<<<<

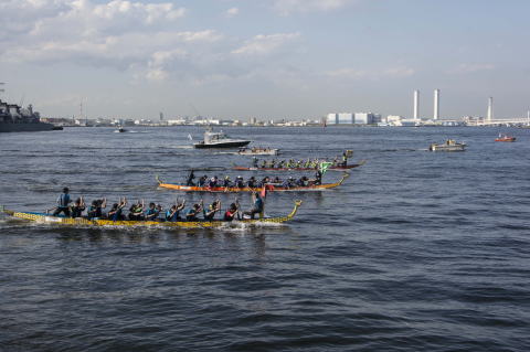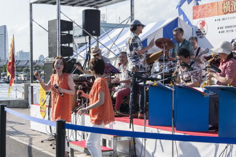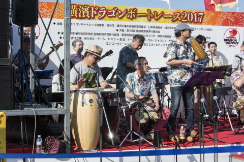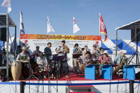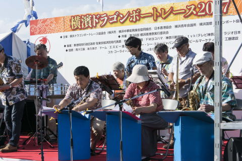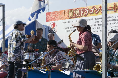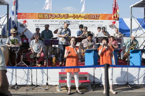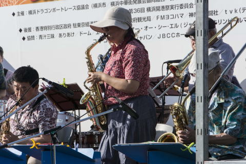 今日は毎年恒例、山下公園で開催されるドラゴンボートレースでの演奏です。
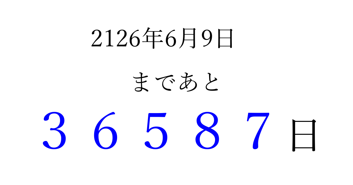 2126年6月9日(日)まで あと 99999 日です 追加すると、トップページからすぐ選べるようになります ※2026/04/07現在の結果です。 最新の状態に更新する ↓シェアして、タイムライン上にカウントダウンを表示しよう!↓ 📤 この結果を共有する Tweet シェア Threads Bluesky 別の日付でカウントダウン 2126年6月のカレンダー このページをブックマークに追加すると、いつでもカウントダウンを確認できます。 (PC: Ctrl+D / Mac: ⌘+D) hitome-notes.comでは以下のページも運営しています。 指定日と期間から日付を計算 | ガチャ確率計算・シミュレーション | プライバシー・ポリシー 運営者:Avocado
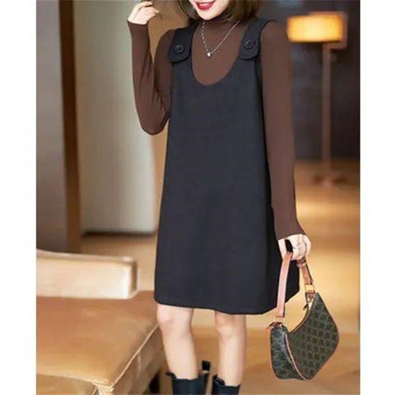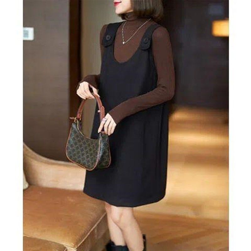 修身 女装 洋气显瘦两件套裙子 2024新款 高档加厚毛呢连衣裙秋冬季
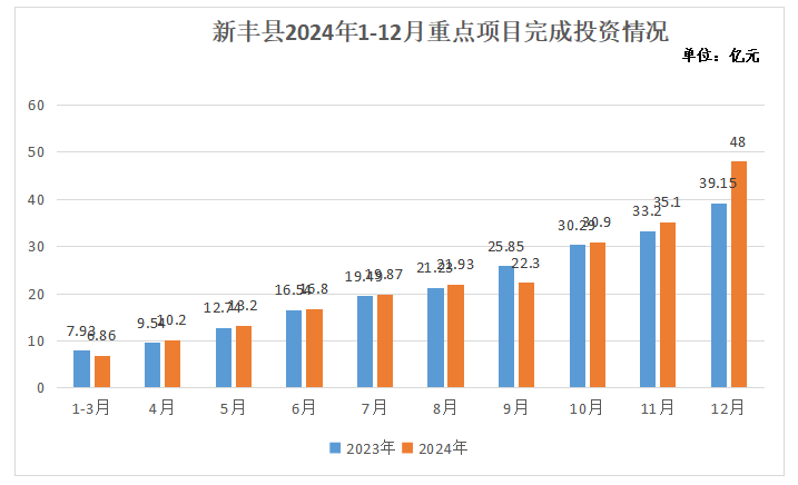 (一)重点项目进展情况。全县103个重点项目,截至12月底,已开工99个,开工率96.1%。1-12月累计完成投资48亿元,完成进度占年度计划投资94%。其中,我县牵头的23个市重点项目1-12月累计完成投资28.8亿元,完成进度为118%。我县牵头的3个省重点项目1-12月累计完成年度投资13.6亿元,占年度计划投资计划的113%。
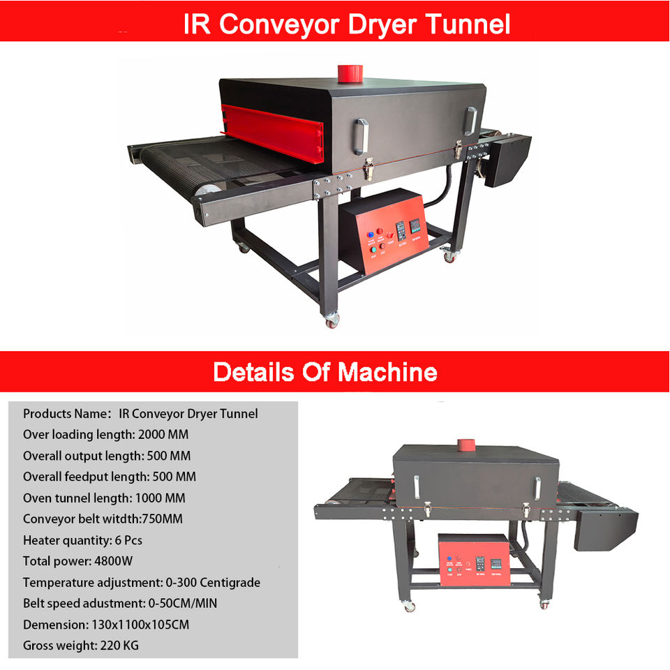 2 Meter Electronic Infrared T Shirts Silk Screen Printing Tunnel Conveyor Belt Dryer Oven Machine
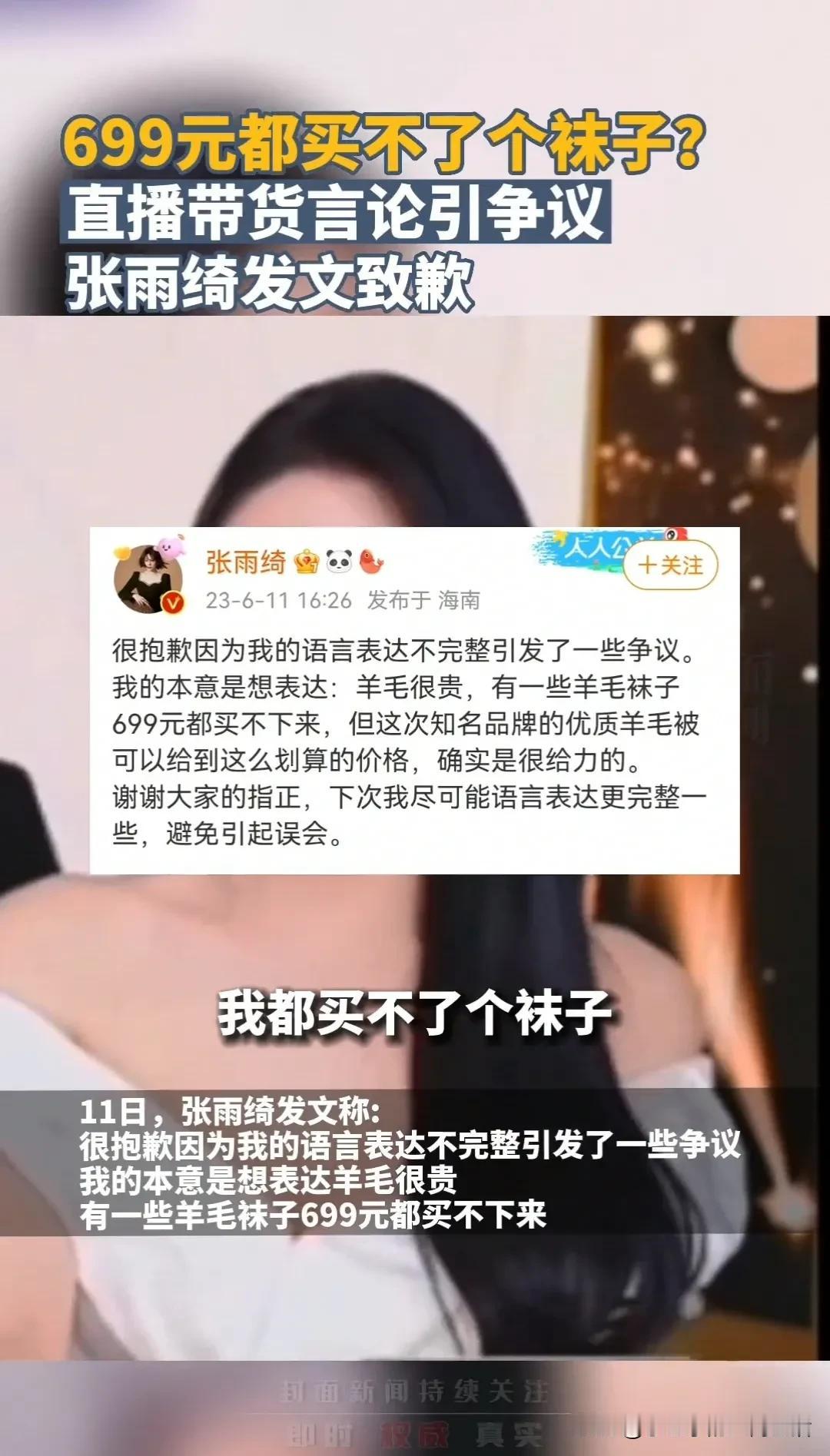 张雨绮699元?我都买不了双袜子,张雨绮直播言论致歉,所谓的明星直播带货,就是把
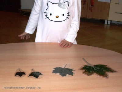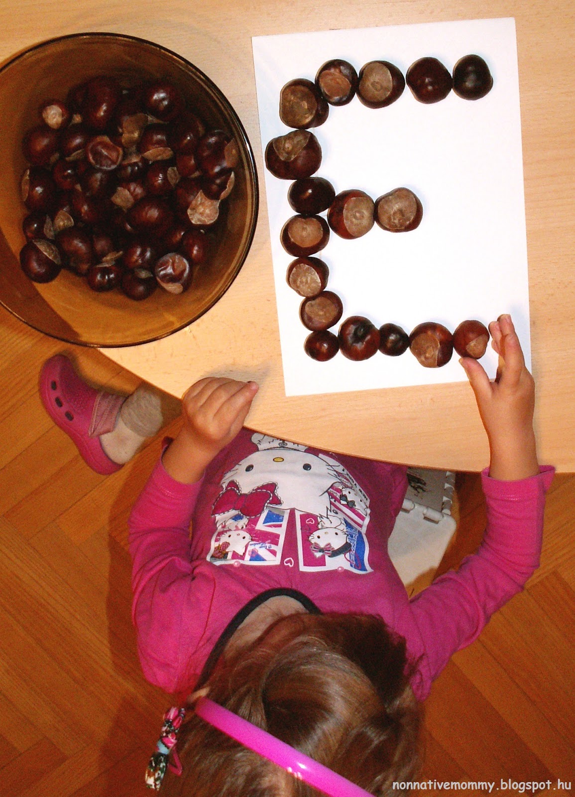 I prepared my daughter’s name, each letter on a different piece of paper. First, she put the letters in the right order, then following the lines of the letters, she placed the conkers along the lines.
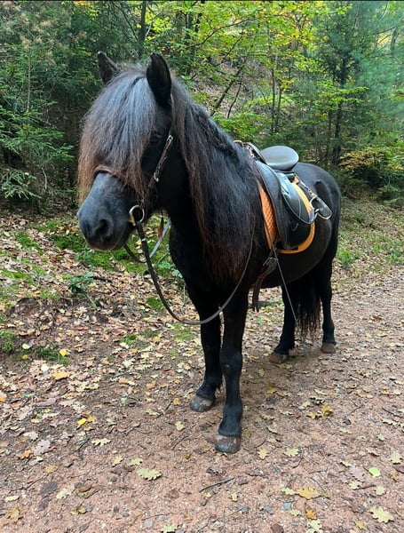 For personal and financial reasons, I am seeking a new, suitable home for my Icelandic mare. She has been a part of my life for 11 years, which is why finding her a really good place is especially important to me. This lovely mare, with plenty of feather, impresses not only visually but also through her affectionate character. Her rather petite size makes her particularly suitable for lighter or less tall riders. She is a motivated, friendly horse with a moderate temperament that simply brings joy and enjoys going forward. Her willingness to work and positive attitude towards training are as evident as her pleasant riding qualities. As a four-gaited horse, she has a secure, beautiful trot. In recent years, her focus has mainly been on relaxed rides in the countryside, both alone and in groups. She calmly accepts accompanying dogs, which is no problem. She is also familiar with work on the riding arena. Currently, due to lack of time, training has been limited, but she remains motivated and eager to be engaged. She has already been ridden by a child, which she handled well. Due to her lively nature, I see her less suitable for absolute beginners, but experienced leisure riders will find her to be a wonderful, fun, and reliable partner. In everyday handling, she is uncomplicated, easy to shoe, and easy to load. She currently wears four shoes. Dental check-ups and vaccinations are regularly and annually maintained. Her current housing is in an open stable within a herd of mares, with additional turnout in summer. I would like this to remain her future arrangement. She has a mild summer eczema, which can be well managed with an appropriate blanket. She is currently fed haylage, which she tolerates without any issues.
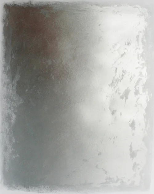 In this series of paintings, the utilitarian gesture of undercoating, in this case with a transparent 'binder', is detected at a crucial moment in its drying process. Through brushings of dry pigment, like dusting for fingerprints or hidden evidence, inconsistencies and randomness within an apparently pure surface are revealed.
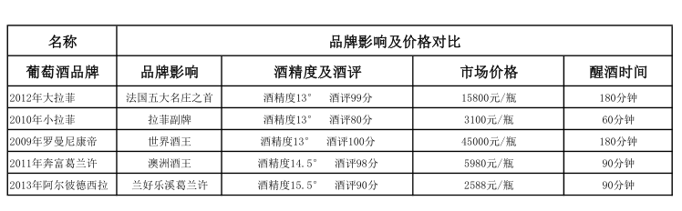 最后我们来五款名酒作一个汇总对比,请看下表:
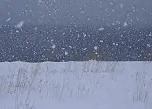Интенсивность снегопада определяется по видимости. Когда видимость составляет более 1 км, снег считается лёгким. Как «умеренный снег» описывается снегопад, ограничивающий видимость расстоянием в 0,5—1 км. Сильным снегопад называют, когда видимость составляет менее 0,5 км[16]. Устойчивый снег значительной интенсивности часто называют «метелью» (снежный шторм)[17].

>>>>

The required output is every line from the one containing "In this series" through the last line of the data above, restated exactly and without pictures.

ANSWER TO THIS PROBLEM -
 In this series of paintings, the utilitarian gesture of undercoating, in this case with a transparent 'binder', is detected at a crucial moment in its drying process. Through brushings of dry pigment, like dusting for fingerprints or hidden evidence, inconsistencies and randomness within an apparently pure surface are revealed.
 最后我们来五款名酒作一个汇总对比,请看下表:
Интенсивность снегопада определяется по видимости. Когда видимость составляет более 1 км, снег считается лёгким. Как «умеренный снег» описывается снегопад, ограничивающий видимость расстоянием в 0,5—1 км. Сильным снегопад называют, когда видимость составляет менее 0,5 км[16]. Устойчивый снег значительной интенсивности часто называют «метелью» (снежный шторм)[17].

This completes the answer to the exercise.